Vacation rentals in Italy (villas, farms, estates, agriturismo, apartments)
Florence Shopping Notes
Colleen Kochman (ColleenK)
I am not much of a shopper at home in the Boston area. However, once my feet touch down on Italian soil I am transformed into a voracious shopper. There is something about the exquisite craftsmanship and style of Italian products that just seem to pull at my heartstrings and compel me to "shop until I drop". The following shopping notes are from my Spring 2004 trip to Florence when I had 17 days to explore some Florentine treasures.

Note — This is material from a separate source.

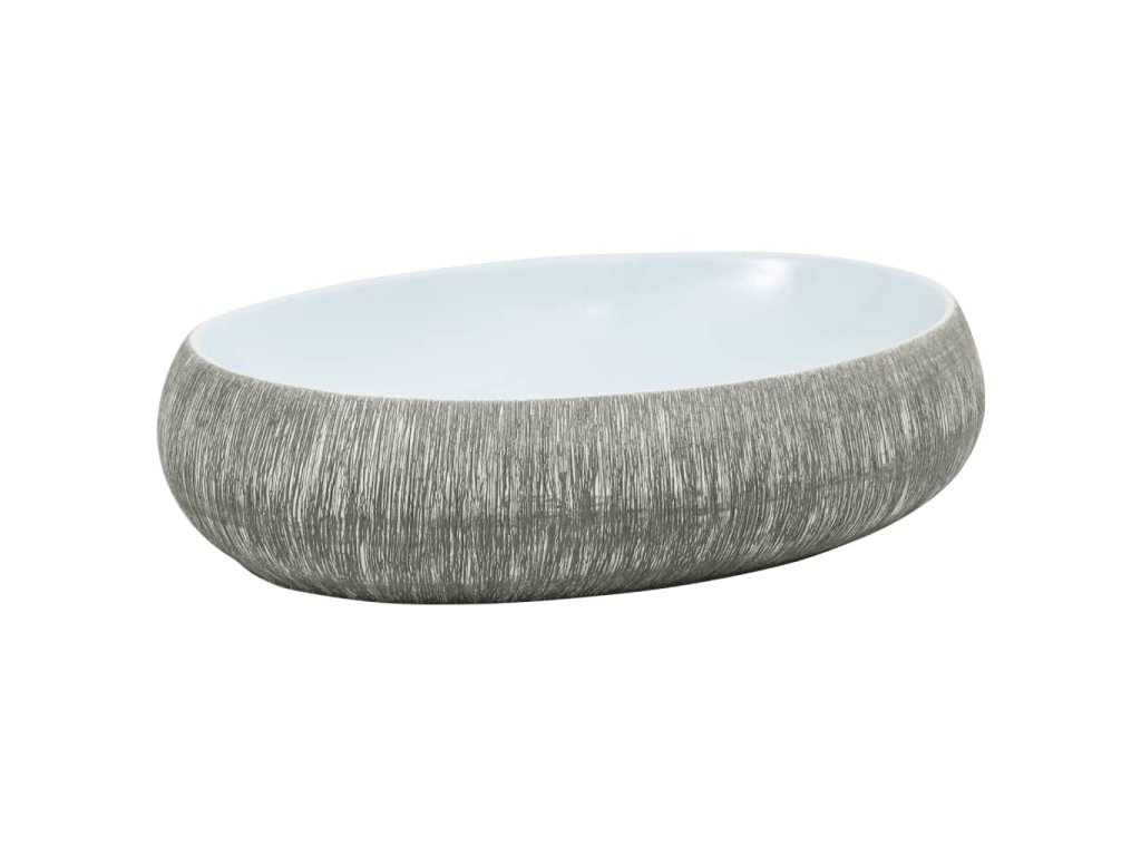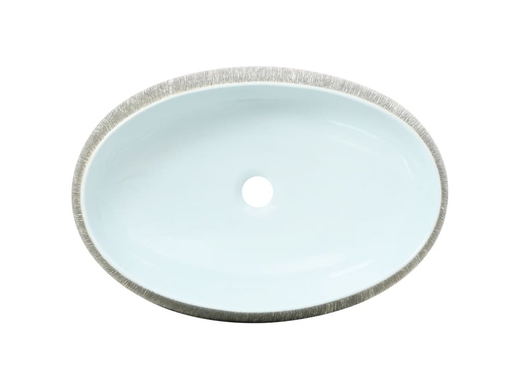 Umyvadlo na desku šedé a modré oválné 59 x 40 x 15 cm keramika 155093

The San Lorenzo Market Stalls
These stalls in the area outside the Central Market are numerous and are open every day from 9:00am to 7:00pm (except Mondays in winter). The vendors sell a great variety of products and you could spend hours roaming through them all. Many of the vendors are aggressive but friendly and most speak English quite well. I had been somewhat leery about buying merchandise from these vendors on past trips to Florence because I was never really sure about the quality of the merchandise or if these talented salesmen and women would be ripping me off. But when I toured the stalls with Judy Witts (Divina Cucina), a long time Florence resident, she pointed out that if you looked closely you would find that the quality was generally quite good and many of the stalls also had stores nearby. It was really just a way to reduce overhead and therefore they could offer lower prices.
The city of Florence (Firenze)
I found this to be especially true for stationery. The prices were very reasonable compared to stores such as Il Papiro with comparable quality, and some items were identical to offerings in the higher priced "name" stores. These beautiful note cards and stationery make fabulous, inexpensive gifts.
Stalls selling scarves and pashminas were numerous and the quality difference between vendors seemed to differ very little. Nice pashminas could be had for 10 euro, with nicer materials such as cashmere and silk blends costing twice as much. These are very popular presents and I always have requests to bring back several for friends.
Leather pocketbooks or purses are sold in great volume all over the city of Florence. I scouted many stores, on expensive streets and out of the way shops. Once I had an idea of the size and type of leather I liked best (soft lambskin), I priced them wherever I went. Although there are some lesser quality purses for sale in the San Lorenzo stalls, I eventually found the one I wanted there. The saleswoman got the color I wanted from her nearby store and I bargained her down 24 euro by paying cash and explaining that the original price was more than I wanted to spend (see my trip report, listed below in Resources, for more details). It is a Tosca bag made in Florence and as Linda Richmond (aka Mike Meyers) on Saturday night Live would say, " it feels like butter".
An avid ceramics collector, I spent a good amount of time comparing different shops for quality and price. I am partial to the ceramics from Montelupo and prefer more classical designs over modern designs. My favorites in order of preference are listed below.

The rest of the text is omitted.